RECHTBANK ASSEN
Sector strafrecht
Parketnummer: 19.810183-06
Uitspraak van de Meervoudige kamer d.d. 27 mei 2011 in de zaak van het openbaar ministerie tegen:
[naam veroordeelde]
geboren te [geboorteplaats] op [datum] 1948,
wonende te [adres] veroordeelde.
1.1. De officier van justitie heeft op 15 december 2008 een ontnemingsvordering ter terechtzitting ingediend die ertoe strekt dat de rechtbank het bedrag vaststelt waarop het door veroordeelde wederrechtelijk verkregen voordeel als bedoeld in artikel 36e lid 4 Wetboek van Strafrecht wordt geschat en dat aan veroordeelde de verplichting wordt opgelegd tot betaling aan de Staat van het geschatte voordeel tot een bedrag van € 3.907.158,00.
1.2. De rechtbank heeft kennis genomen van de stukken.
1.3. In deze zaak heeft een schriftelijke uitwisseling van standpunten met betrekking tot de ontnemingsvordering plaatsgehad.
1.4. De officier van justitie, de veroordeelde en zijn raadsman, mr. R. Zilver, advocaat te Utrecht, zijn laatstelijk gehoord ter openbare terechtzitting van 15 april 2011.

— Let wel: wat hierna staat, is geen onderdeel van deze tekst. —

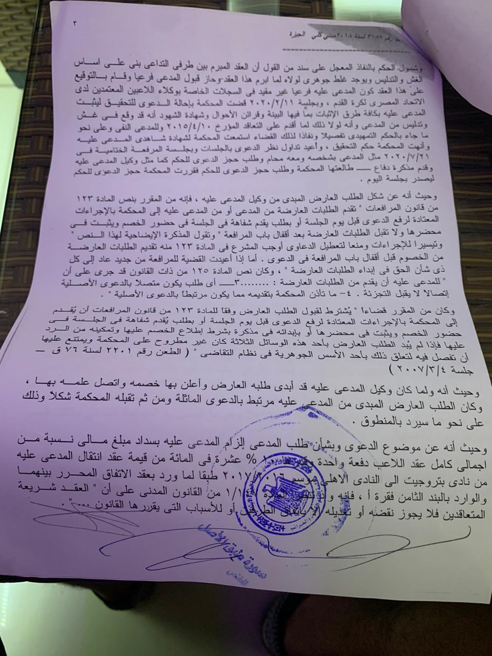 وتابع أن وكيل الشناوي السابق حصل على تأييد نفس الحكم من المحكمة حكم نهائي.

De rechtbank ontleent na te noemen schatting van het wederrechtelijk verkregen voordeel als bedoeld in artikel 36e Wetboek van Strafrecht aan de volgende bewijsmiddelen welke, zakelijk weergegeven, onder meer inhouden:
3.1. Het Gerechtshof te Leeuwarden heeft bij arrest van 28 juni 2007 bewezen verklaard dat veroordeelde heeft deelgenomen aan een criminele organisatie die onder andere tot doel had het telen, bereiden en bewerken van hennep (feit 1) en dat hij met anderen hennep heeft geteeld in de periode van 1 januari 2006 tot en met 5 september 2006 (feit 2). Het Hof heeft veroordeelde daarvoor straf opgelegd. Het Hof heeft daarbij veroordeelde van een deel van het ten laste gelegde vrijgesproken.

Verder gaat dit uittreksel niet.